E' probabilmente la parola che pronunciamo di più in questi giorni: "Auguri". Con tutte le altre declinazioni del caso: "a te e famiglia", "sinceri", "di cuore", "-issimi", "-oni", ecc ecc.
Ma dove viene questa parola? Saperne qualcosa di più può renderci più consapevoli quando la pronunciamo.
L’etimologia del termine Auguri deriva dall’unione di due vocaboli latini: av-is (o au-is) = uccello, volatile + gero = portare, rivelare, compiere, mostrare o agire. Nell’antica Roma (e anche tra gli Etruschi), l’àugure era un sacerdote il cui compito era interpretare la volontà e i segni degli dèi. Tali sacerdoti dovevano trarre gli auspicia, una sorta di segni, dall’interpretazione del comportamento degli uccelli: in particolare il volo, i versi e il modo di fare dell’animale. Monitorare i loro segnali serviva a capire se gli dèi approvassero o meno l’agire degli umani sia in ambito pubblico che privato.
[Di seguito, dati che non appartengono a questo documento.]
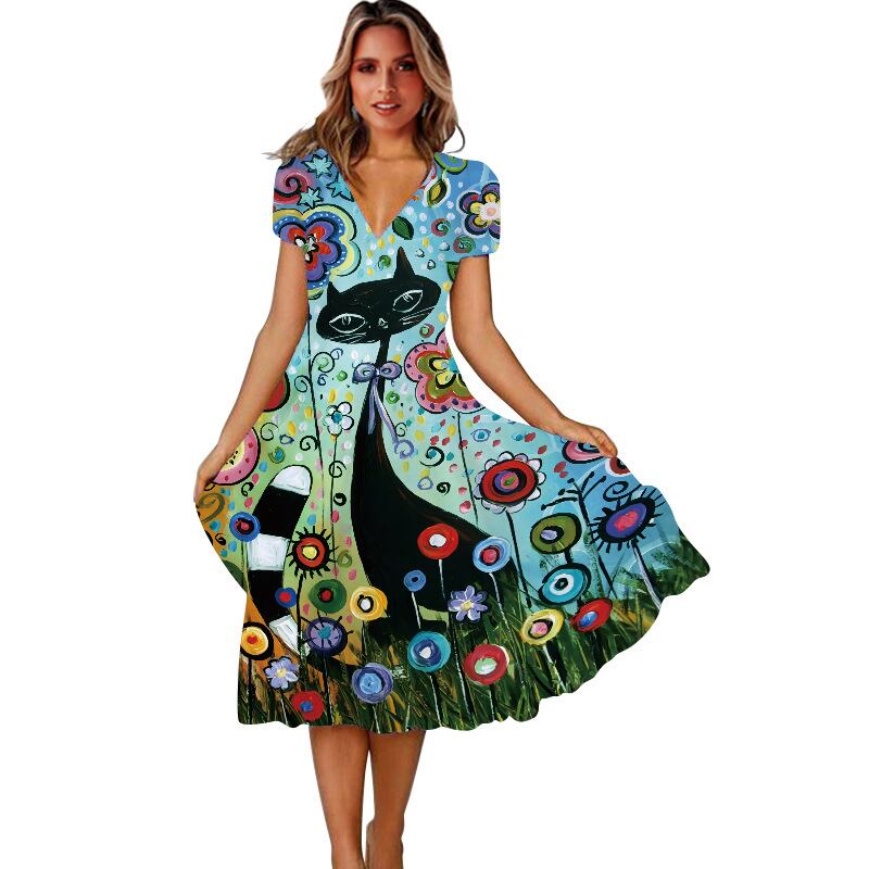 ヨーロッパとアメリカの国境を越えた新しいストリートウィメンズVネックプラスサイズ半袖プリントロングスカートポジショニングプリントラージスイングドレス 大きめサイズ ヨーロピアン 6733045159197252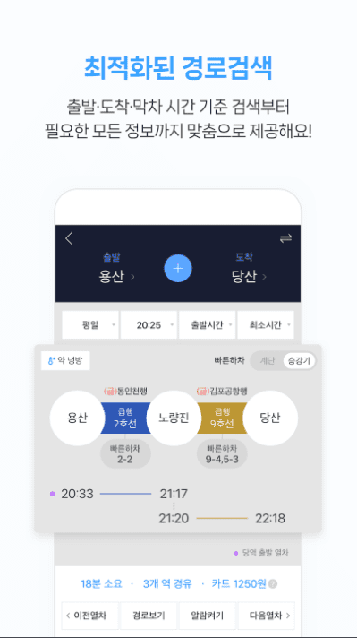 빠른환승/하차정보, 약냉방칸, 하차알람, 역주변 편의장소 및 도보길찾기 등 출발부터 도착까지 스마트한 이동에 필요한 모든 서비스를 제공합니다.

Auspicia, infatti, deriva da aves specere, ovvero “osservare gli uccelli” . Il sacerdote non doveva lasciarsi sfuggire alcun suggerimento ma solo comunicare se qualcosa su cui si era già deciso o era imminente nel compiersi, incontrasse l’approvazione o lo sdegno degli dei.
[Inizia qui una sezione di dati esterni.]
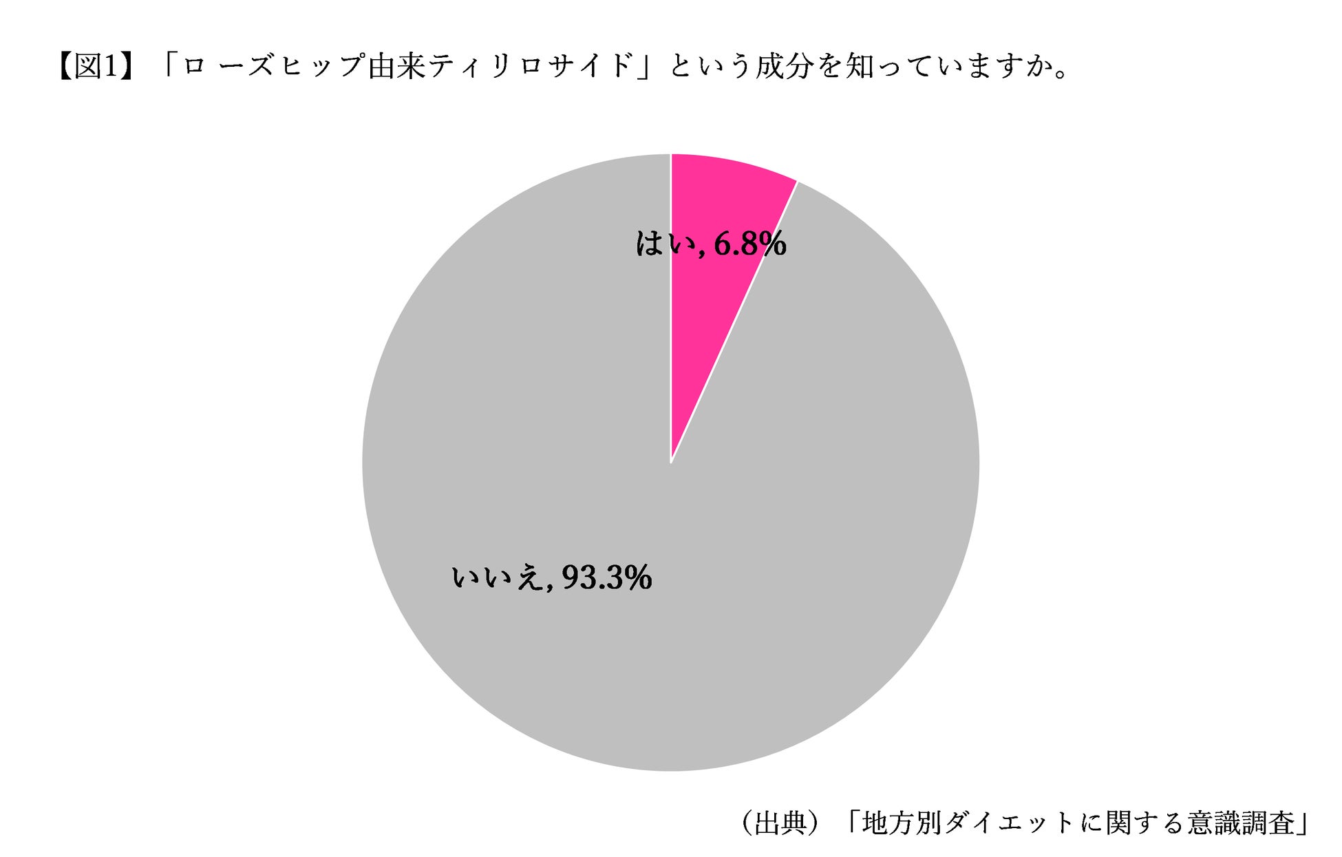 図1の通り、ローズヒップ由来ティリロサイドの認知率は、6.8%とまだまだ知られていませんが、ローズヒップエキスは「体脂肪を減らす機能」を訴求できる機能性表示食品対応素材として、サプリメントをはじめ、飲料や菓子製品など、さまざまな食品に採用されています。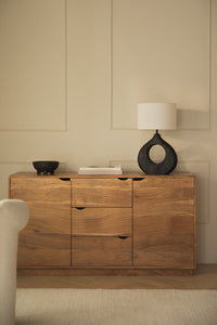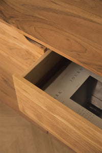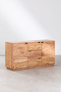 Komoda TIRVETU iš akacijos medienos – minimalistinio dizaino baldas, puikiai tinkantis įvairaus stiliaus svetainėms. Asimetriškai išdėstyti įpjovimai atlieka rankenėlių funkciją, o magnetinis uždarymas užtikrina patogų naudojimą.

Detto questo, la parola "Auguri", per come la usiamo oggi e collegandola al significato originario, dovrebbe significare qualcosa tipo "prevedo che ciò che hai deciso o deciderai di fare si realizzerà e andrà molto bene, perchè il favore degli Dei (o di Dio) è con te".
E allora...AUGURI a tutti i lettori di Appunti Pindarici!